Question

Two planets are orbiting a star. Planet B can be seen from Planet A with the eye, but as the figure shows, Planet could be located at either of two possible positions. Planet A is 65 million miles from the star and Planet B is 45 million miles from the star, as shown in the figure below. If the viewing angle between the star and Planet B is 19 , find the possible distances from Planet A to Planet B . Round your answers to the nearest tenth.

Answer 1

Explanation:

Let's call the distance from Planet A to one of the possible positions of Planet B "x". We can use trigonometry to relate the angle between the star and Planet B (19°), the distance from the star to Planet A (65 million miles), and the distances from Planet A to Planet B (x).

In a right triangle with angle 19°, the opposite side is x and the adjacent side is 65 - 45 = 20 million miles.
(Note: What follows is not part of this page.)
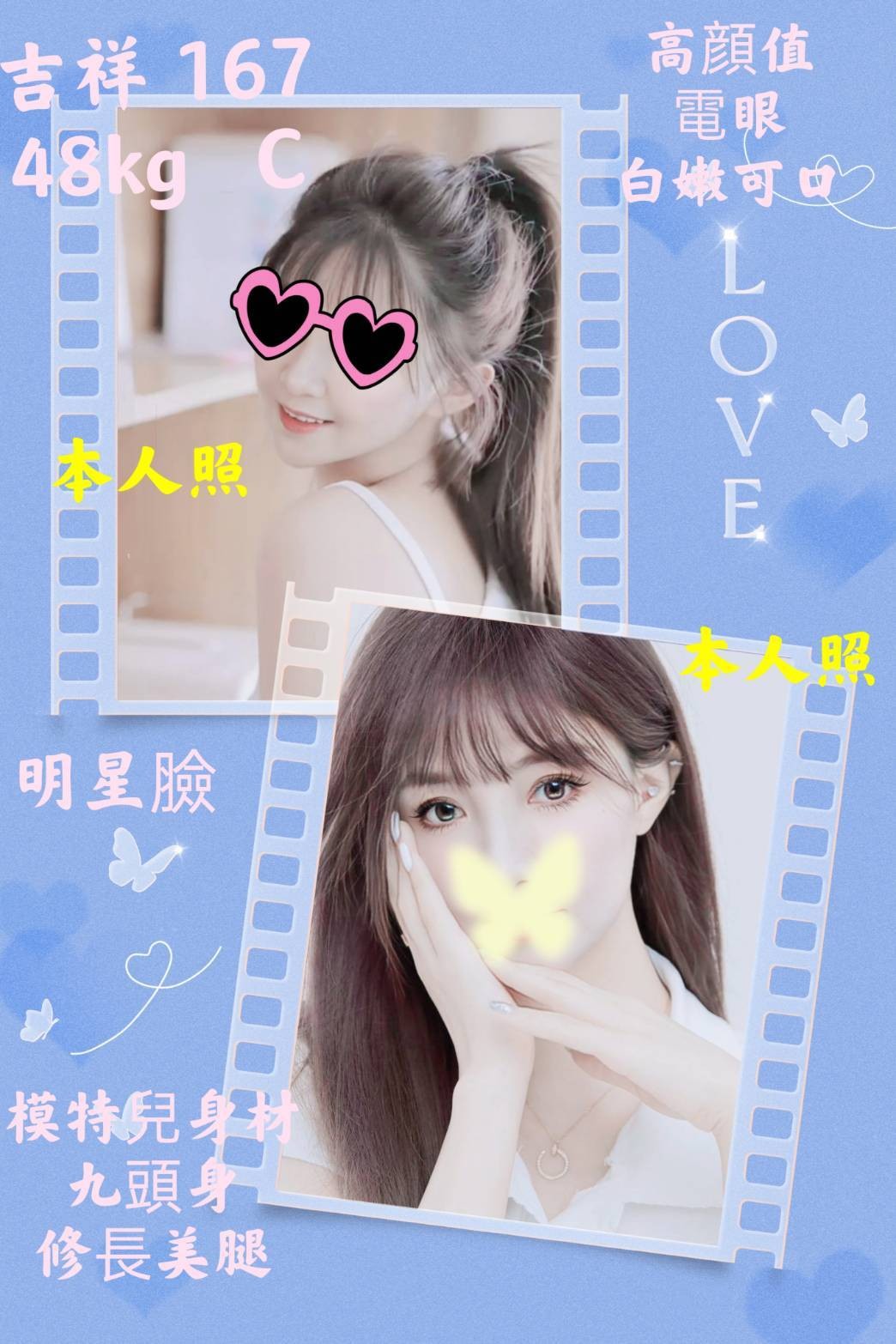 (告白)新吉祥: 初兼   高顏值    迷人電眼    白嫩可口    模特兒身材    九頭身    修長美腿    完美身材比例    人見人愛    可獨龍   口爆+500,69,無膜吹,殘廢澡,2S+500,品鮑,奶炮 ,漫遊   雙飛     無膜做+1000内射   13:00~22:30(告白)可外約
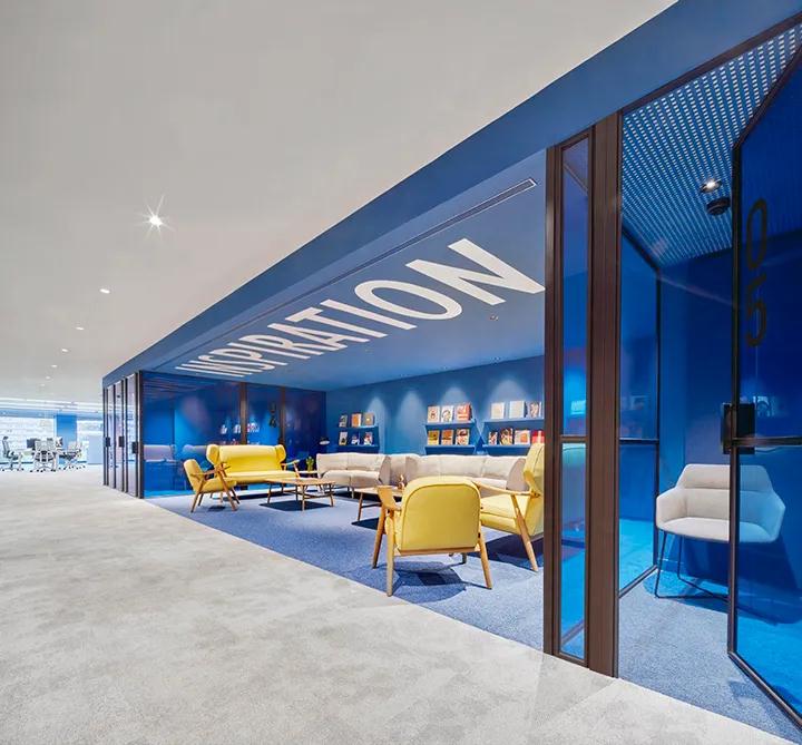 該項目位于西班牙巴塞羅那的dau大樓的六樓,主要用于西班牙金融服務公司的創新和營銷部門。該案例是由深圳裝飾公司的設計團隊創建的。內部顏色主要是藍色和黃色,來自公司的圖像徽標,在這種情況下,最終實現了該空間的驚人視覺效果。藍色調的色彩表達,深圳裝飾公司在會議室和休息區的墻壁,頂面和地板上呈現了最極端的方法,由色彩形成了高度獨立的空間。

Therefore, we can use the tangent function to relate these sides:

tan(19°) = x / 20

Solving for x, we get:

x = 20 tan(19°) ≈ 6.7 million miles

So one possible distance from Planet A to Planet B is approximately 6.7 million miles.

However, there is another possible position for Planet B, which is on the other side of Planet A as shown in the figure. In this case, the distance from Planet A to Planet B is:

y = 65 + 45 + 20 = 130 million miles

Therefore, the two possible distances from Planet A to Planet B are approximately 6.7 million miles and 130 million miles (rounded to the nearest tenth).